Activity: Please output the section of the listing below that opens with the line containing "图说:半场比赛结束前,吴曦再头球破门,国足6-0领先关岛进入下半场。" and closes with the line containing "- Viết bi hình", exactly and with nothing else.

Available data:
╔══
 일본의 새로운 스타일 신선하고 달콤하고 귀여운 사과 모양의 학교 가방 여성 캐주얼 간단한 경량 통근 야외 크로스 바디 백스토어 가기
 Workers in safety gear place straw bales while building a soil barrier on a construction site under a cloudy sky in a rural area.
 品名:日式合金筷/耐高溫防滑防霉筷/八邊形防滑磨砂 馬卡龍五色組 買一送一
╚══
╔══
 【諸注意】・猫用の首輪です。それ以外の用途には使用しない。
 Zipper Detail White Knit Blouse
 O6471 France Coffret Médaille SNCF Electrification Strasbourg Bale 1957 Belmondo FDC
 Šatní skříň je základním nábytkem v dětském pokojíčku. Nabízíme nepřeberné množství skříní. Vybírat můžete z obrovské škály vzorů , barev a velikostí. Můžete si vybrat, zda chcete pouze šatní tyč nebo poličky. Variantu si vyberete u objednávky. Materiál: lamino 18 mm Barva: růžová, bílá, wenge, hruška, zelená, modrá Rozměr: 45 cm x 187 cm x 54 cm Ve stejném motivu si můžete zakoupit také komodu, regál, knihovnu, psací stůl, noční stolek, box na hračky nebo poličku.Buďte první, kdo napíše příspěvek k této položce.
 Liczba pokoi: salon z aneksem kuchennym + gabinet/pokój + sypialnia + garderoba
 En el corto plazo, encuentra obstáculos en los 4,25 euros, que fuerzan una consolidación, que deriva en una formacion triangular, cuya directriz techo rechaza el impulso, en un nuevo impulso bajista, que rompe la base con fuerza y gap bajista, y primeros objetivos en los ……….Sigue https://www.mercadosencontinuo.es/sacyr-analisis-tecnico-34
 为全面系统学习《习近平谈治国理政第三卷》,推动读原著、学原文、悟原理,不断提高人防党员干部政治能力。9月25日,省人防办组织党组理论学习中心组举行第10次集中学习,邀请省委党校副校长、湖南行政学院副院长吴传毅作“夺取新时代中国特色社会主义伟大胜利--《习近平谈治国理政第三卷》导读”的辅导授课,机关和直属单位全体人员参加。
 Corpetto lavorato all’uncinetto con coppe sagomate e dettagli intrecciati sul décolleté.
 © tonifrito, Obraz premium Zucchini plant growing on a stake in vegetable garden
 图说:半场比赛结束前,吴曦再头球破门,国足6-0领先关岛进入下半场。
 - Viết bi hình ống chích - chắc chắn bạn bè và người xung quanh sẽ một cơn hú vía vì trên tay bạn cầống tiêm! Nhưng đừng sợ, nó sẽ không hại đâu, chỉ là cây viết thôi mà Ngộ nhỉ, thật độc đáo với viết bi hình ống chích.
╚══
Answer area:
 图说:半场比赛结束前,吴曦再头球破门,国足6-0领先关岛进入下半场。
 - Viết bi hình ống chích - chắc chắn bạn bè và người xung quanh sẽ một cơn hú vía vì trên tay bạn cầống tiêm! Nhưng đừng sợ, nó sẽ không hại đâu, chỉ là cây viết thôi mà Ngộ nhỉ, thật độc đáo với viết bi hình ống chích.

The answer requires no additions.